Tale normativa è dettata dal D.Lgs. 10 marzo 2000, n. 74, come modificato dapprima con D.Lgs. 24 settembre 2015, n. 158 e quindi, più di recente, con D.L. 26 ottobre 2019, n. 124, recante “Disposizioni urgenti in materia fiscale e per esigenze indifferibili”, convertito con modificazioni con L. 19 dicembre 2019, n. 157, attraverso cui il legislatore è intervenuto in materia con importanti novità anche in relazione ai reati tributari e alla responsabilità amministrativa degli enti dipendente da reato, di cui al D.Lgs. 231/2001.
Attraverso le fattispecie di cui al D.Lgs. 74/2000, il legislatore ha assegnato rilevanza penale alle violazioni dell’obbligo di dichiarazione annuale dei redditi o dell’IVA, nelle forme della dichiarazione fraudolenta, infedele od omessa, nonché le condotte di emissione di fatture o altri documenti per operazioni inesistenti, di occultamento e distruzione di documenti contabili, di omesso versamento di ritenute o dell’IVA, e il compimento di atti fraudolenti sui propri beni o su beni di altri, intesi a rendere inefficace la riscossione coattiva.
La tecnica legislativa adoperata in materia di reati tributari, a fronte della diffusione sociale del fenomeno dell’evasione e della necessità di ricorrere allo strumento penale (ferma restando la rilevanza a titolo di illeciti amministrativi per le altre) per le sole ipotesi più gravi, è stata quella della previsione di soglie di punibilità (v. MRDP, Parte II, Sez. I, Cap. 2, §5), con l’unica eccezione del reato di dichiarazione fraudolenta, basato sull’uso di fatture o altri documenti per operazioni inesistenti, nonché per l’occultamento e la distruzione di scritture contabili.

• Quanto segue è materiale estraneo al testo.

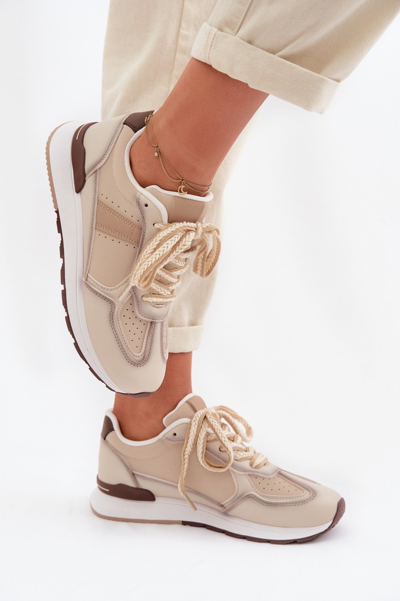 Moteriški sportbačiai iš eko odos, smėlio spalvos, Kelira

Le soglie di punibilità in tema di reati tributari, in mancanza di una definizione normativa dell’istituto e di precise indicazioni nei lavori preparatori, sono qualificate dalla dottrina prevalente e dalla giurisprudenza come elementi costitutivi della fattispecie e non già quali condizioni obiettive di punibilità, soprattutto in considerazione del fatto che è proprio sul raggiungimento delle soglie di evasione previste dal legislatore che si incentra il disvalore penale delle varie fattispecie di reato.

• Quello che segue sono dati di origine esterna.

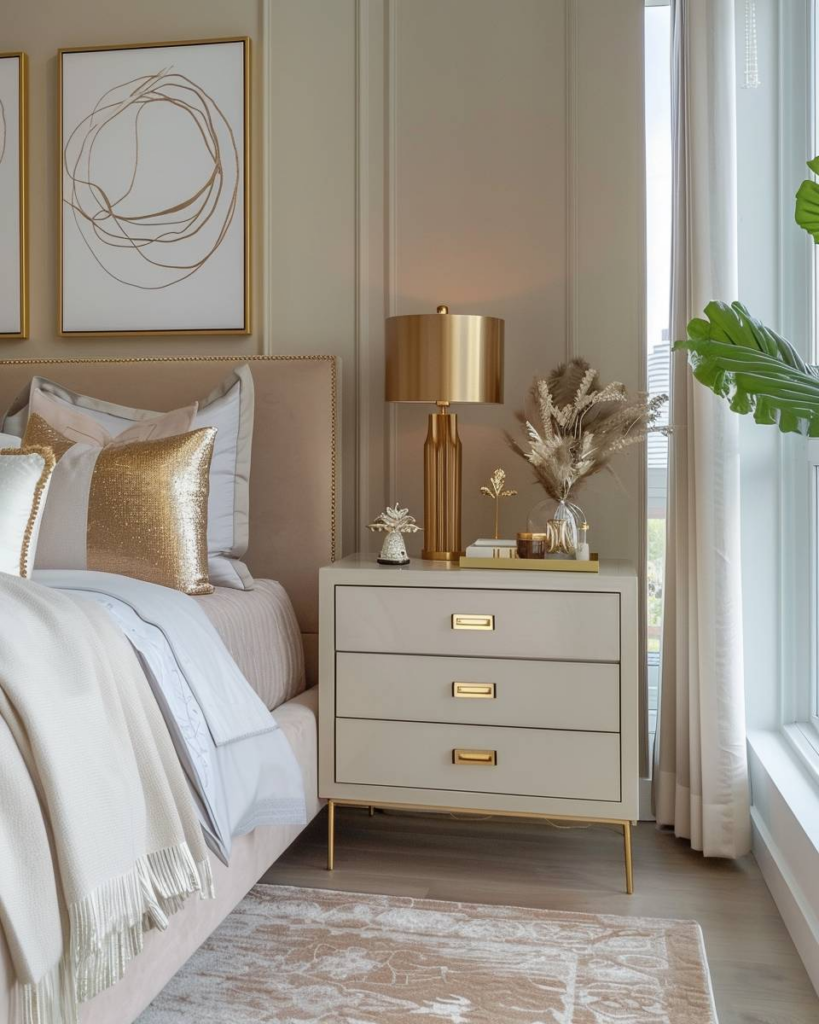 Verziere den Nachttisch mit goldenen Griffen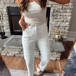 Mica White Super High Mom Cargo Pants

Le conseguenze legate alla qualificazione dell’istituto non sono di poco conto, dal momento che nel primo caso (soluzione peraltro avallata di recente dalle Sezioni Unite della Corte di Cassazione, con sent. 12 settembre 2013, n. 37424) il c.d. fuoco del dolo deve ricomprendere anche la misura dell’evasione, mentre nel secondo caso sarebbe sufficiente il dolo di evasione e la prevedibilità del superamento della soglia.
Nel senso della natura di elementi costitutivi del reato si è espressa, con sent. 1 giugno 2004, n. 161, la Corte costituzionale, osservando che il legislatore, attraverso la predisposizione di una soglia di punibilità, non opera una valutazione di opportunità in merito alla punibilità di un fatto di reato bensì definisce, in via generale e astratta, a quali condizioni una determinata condotta possa qualificarsi come reato.
In forza dei principi di frammentarietà e sussidiarietà del diritto penale (v. MRDP, Parte I, Sez. I, Cap. 1. §3), infatti, non tutte le condotte astrattamente offensive di un bene giuridico possono essere sanzionate penalmente, occorrendo una valutazione dell’offensività in astratto di ciascun comportamento; il legislatore attraverso l’introduzione di una soglia di punibilità cristallizza dunque tale valutazione e stabilisce quali comportamenti, in ragione della loro maggiore carica offensiva, debbano essere sanzionati dal diritto penale.
La Corte costituzionale ha dunque affermato che le soglie di punibilità “integrano requisiti essenziali di tipicità del fatto” e sono qualificabili come “elementi costitutivi del reato”.
Il bene giuridico protetto dalle fattispecie in esame, come desumibile dalle singole incriminazioni e dal tenore complessivo del D.Lgs. 74/2000 (di seguito decreto), è da identificarsi nell’interesse pubblico alla riscossione dei tributi, bene di rango costituzionale, riferibile all’art. 53 Cost.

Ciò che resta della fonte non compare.